Say i have the following

$$\overline{f(\overline{x+iy})} = u(x,-y) - i v(x,-y)$$

How would i show using the Cauchy Riemann equations that the above is entire, would i use the chain rule to differentiate $u$ and $v$?.

Answer 1

Lets call the function $g(z):=\overline{f(\overline z)}$. There is another approach: If $f$ is holomorphic $\iff$ for every $z,z_0 \in \mathbb {C}$ there exists a continuous(!) function $\Delta(z)$ such that $$ f(z)=f(z_0)+\Delta(z)(z-z_0) $$ Complex conjugation is continuous and that makes the whole calculation easier. Overall we get, since f is entire, that for every $z,z_0 \in \mathbb {C}$ : $$ f(\overline{z})=f(\overline{z_0})+\Delta(\overline z)(\overline{z}-\overline{z_0}) $$ Conjugating again we get that: $$ g(z)=\overline{f(\overline{z})}=\overline{f(\overline{z_0})}+\overline{\Delta(\overline z)}(\overline{\overline z- \overline {z_0}})=g(z_0)+\overline{\Delta(\overline z)}(z-z_0) $$ Now the function $\overline{\Delta(\overline z)}$ is continuous as a composition of continuous functions.
Using Cauchy-Riemann is an option.
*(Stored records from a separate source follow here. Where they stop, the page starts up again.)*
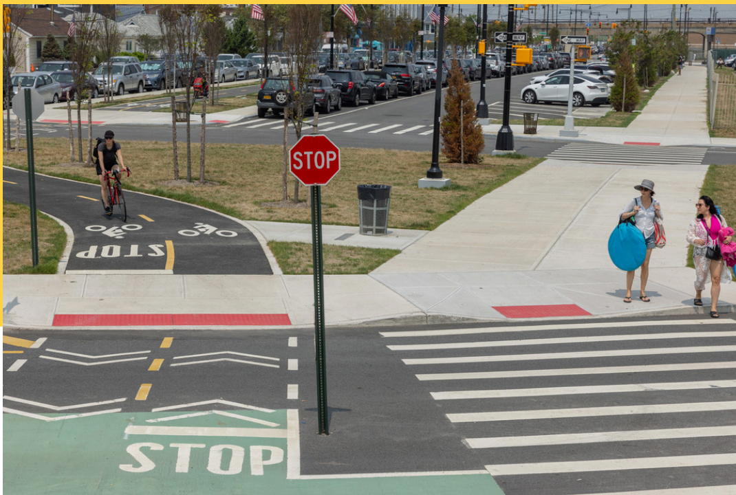
New Beach 108 Street bike path in the Rockaways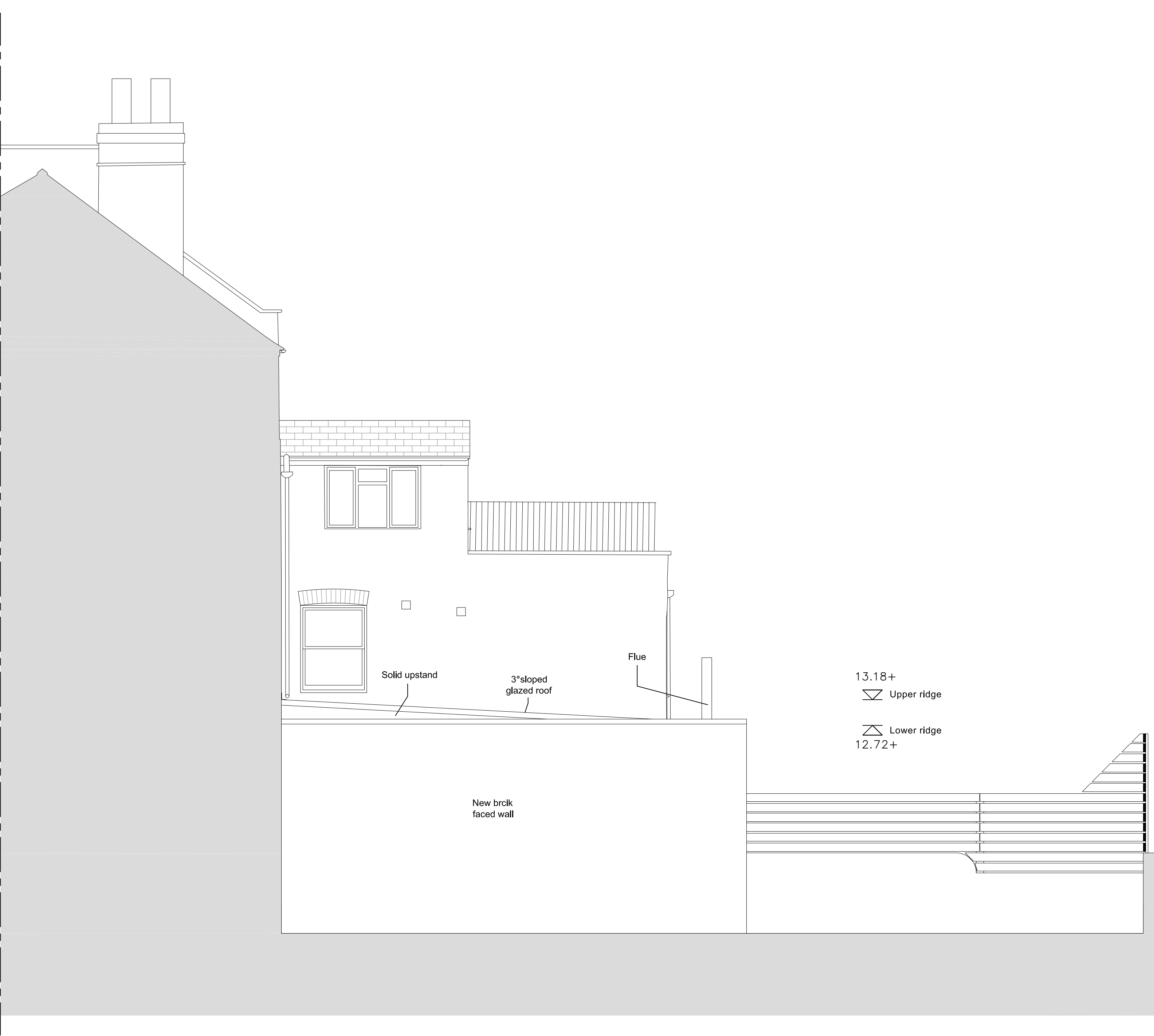
NEIGHBOURS VIEW ELEVATION

97.96+ ▽ BS FI Ref: SDA Drwg No. 251/PD/008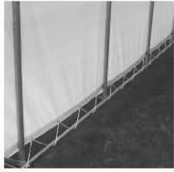
Heavy-Duty Cover lacing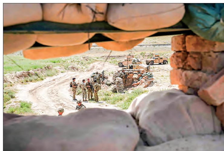
US troops are seen through a firing position at the Afghan National Army (ANA) checkpoint in Nerkh district of Wardak province west of Kabul.

are in consultations with our allies and partners on how to proceed." "It is not my intention to stay there for a long time. But the question is how and under what circumstances do we meet that agreement that was made by (former) President Trump," Biden said when asked about exit of US troops from Afghanistan. Lastly, Biden said, "We (US) will leave (Afghanistan), the question is when we will leave." Since coming to power the Biden administration has made it clear that it is not willing to let the Taliban have its way as the price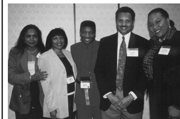
After the Division 17 Business Meeting

It is more or less applying the chainrule, Ill give you a quick example: $$ \partial_y u(x,-y)=u_y(x,-y)(-1)=-u_y(x-y) \\ \partial_x v(x,y)=v_x(x,-y) $$ From that we get that, since $f$ is holomorphic, that $$ -u_y(x-y)-v_x(x,-y)=-u_y(x-y)-(-u_y(x,-y))=0 $$ Remember to check the second equation and that $g$ is totally differentiable as a real function!
Another notable thing is: The domain is $\mathbb{C}$. So if our function is defined and holomorphic for a $z \in \mathbb{C}$ it is also defined and holomorphic for $\overline z \in \mathbb{C}$. This may seem trivial here, but for more general domains, it might be tricky!